ABOUT THIS TASK
Your reply should set down word for word each line below from the one with "DESCRIPTION - A" through the final line, both included, but none of the pictures.

STORED DATA
-- Opening Marker --
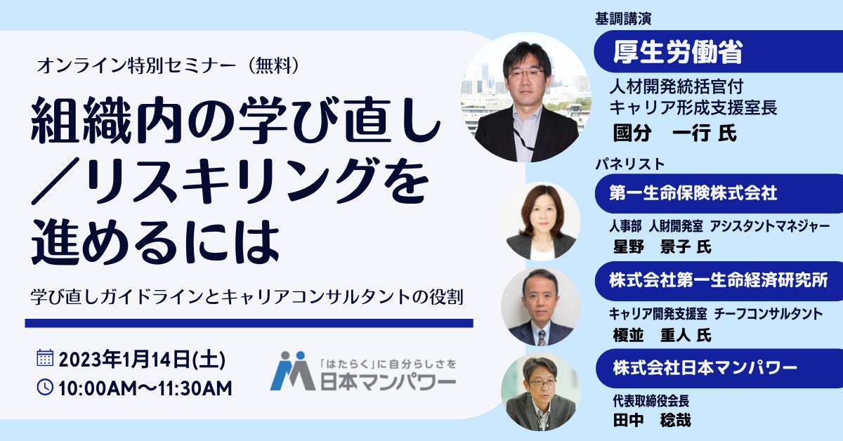国家資格キャリアコンサルタント養成講座を開催する株式会社日本マンパワー(東京都千代田区、代表取締役・楠木賢治)は、2023年1月14日(土)にオンラインWEBセミナー『【特別イベント】組織内における学び直し/リスキリングを進めるためには~学び直しガイドラインとキャリアコンサルタントの役割~』を開催いたします。
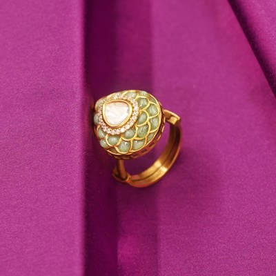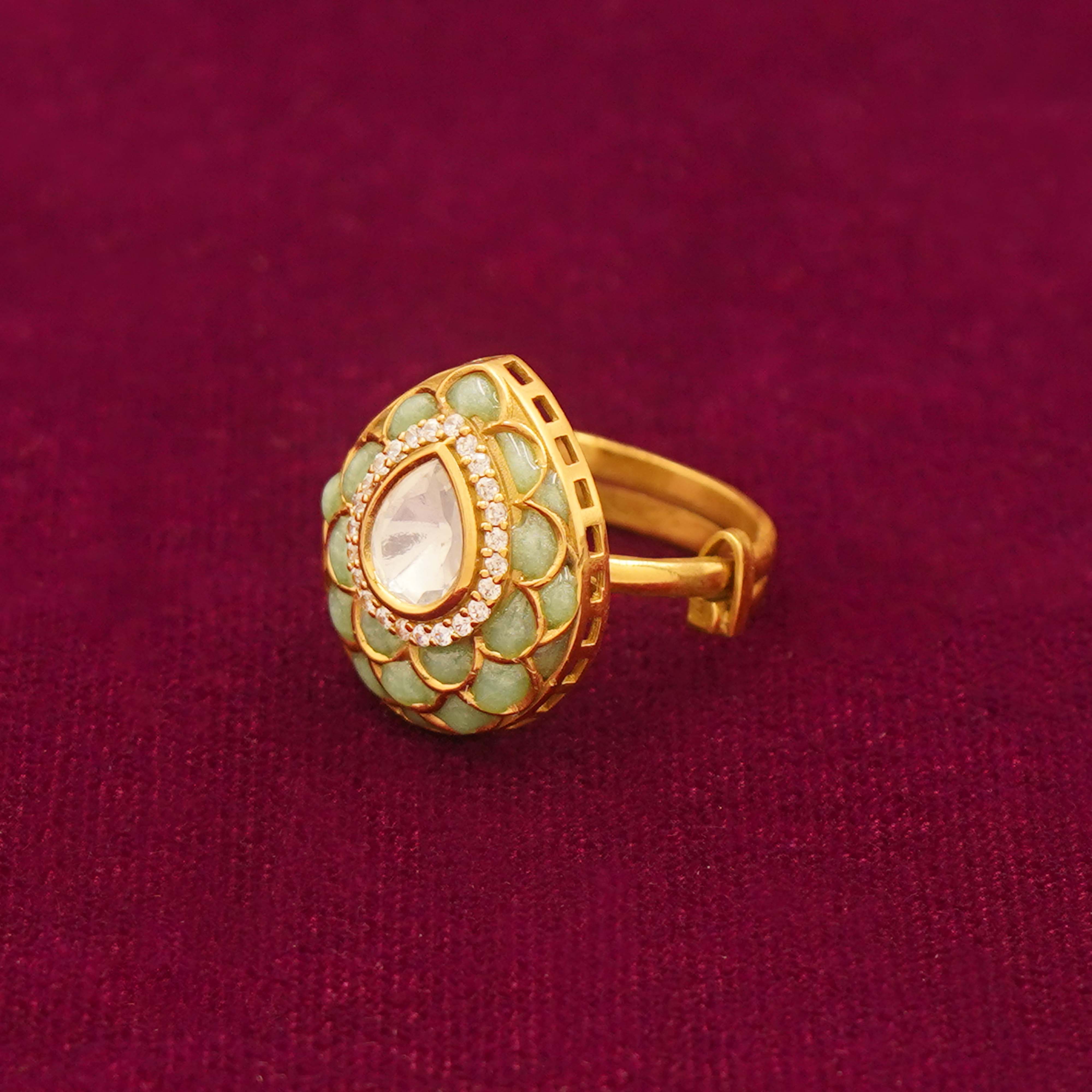 DESCRIPTION - A STRIKING STATEMENT RING CRAFTED IN A RICH GOLD-TONE FINISH, FEATURING A TEARDROP-SHAPED CENTERPIECE FRAMED BY INTRICATE POLKI-STYLE DETAILING. THE LUMINOUS CENTRAL STONE IS ENCIRCLED WITH DELICATE CRYSTAL ACCENTS, CREATING A ROYAL AND ELEGANT APPEAL. PERFECT FOR FESTIVE OCCASIONS, WEDDINGS, AND TRADITIONAL ENSEMBLES, THIS RING ADDS TIMELESS CHARM AND GRACEFUL SOPHISTICATION TO YOUR JEWELRY COLLECTION.
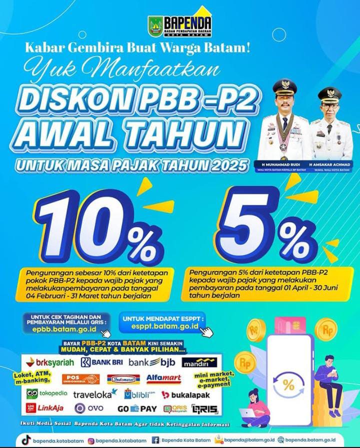 Bataminfo.co.id, Batam – Kabar gembira bagi warga Batam! Badan Pendapatan Daerah (Bapenda) Kota Batam kembali memberikan diskon Pajak Bumi dan Bangunan Perdesaan dan Perkotaan
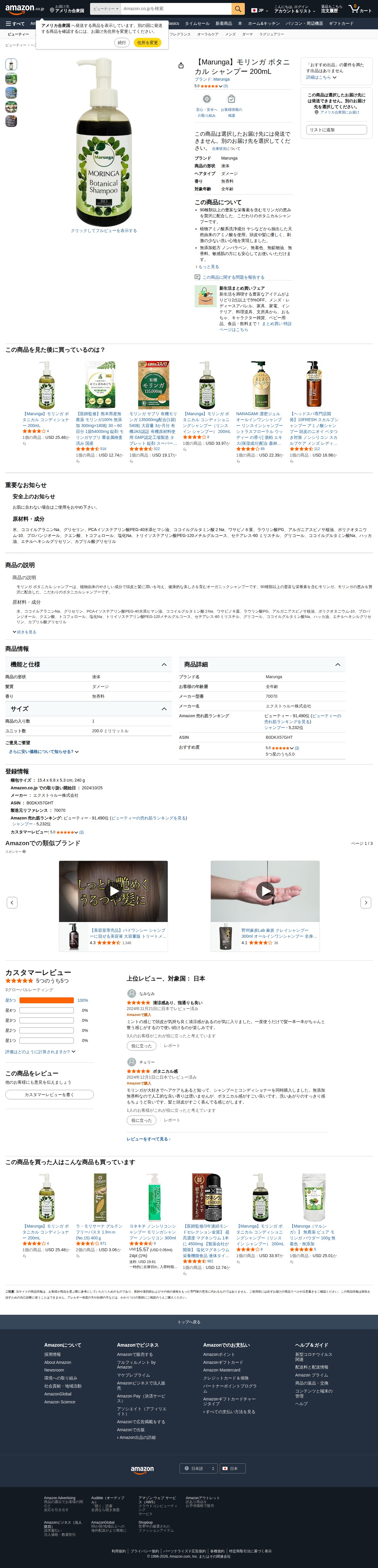 Amazon | 【Marunga】モリンガ ボタニカル シャンプー 200mL | Marunga | シャンプー 通販
-- Closing Marker --
ANSWER TO THIS PROBLEM
 DESCRIPTION - A STRIKING STATEMENT RING CRAFTED IN A RICH GOLD-TONE FINISH, FEATURING A TEARDROP-SHAPED CENTERPIECE FRAMED BY INTRICATE POLKI-STYLE DETAILING. THE LUMINOUS CENTRAL STONE IS ENCIRCLED WITH DELICATE CRYSTAL ACCENTS, CREATING A ROYAL AND ELEGANT APPEAL. PERFECT FOR FESTIVE OCCASIONS, WEDDINGS, AND TRADITIONAL ENSEMBLES, THIS RING ADDS TIMELESS CHARM AND GRACEFUL SOPHISTICATION TO YOUR JEWELRY COLLECTION.
 Bataminfo.co.id, Batam – Kabar gembira bagi warga Batam! Badan Pendapatan Daerah (Bapenda) Kota Batam kembali memberikan diskon Pajak Bumi dan Bangunan Perdesaan dan Perkotaan
 Amazon | 【Marunga】モリンガ ボタニカル シャンプー 200mL | Marunga | シャンプー 通販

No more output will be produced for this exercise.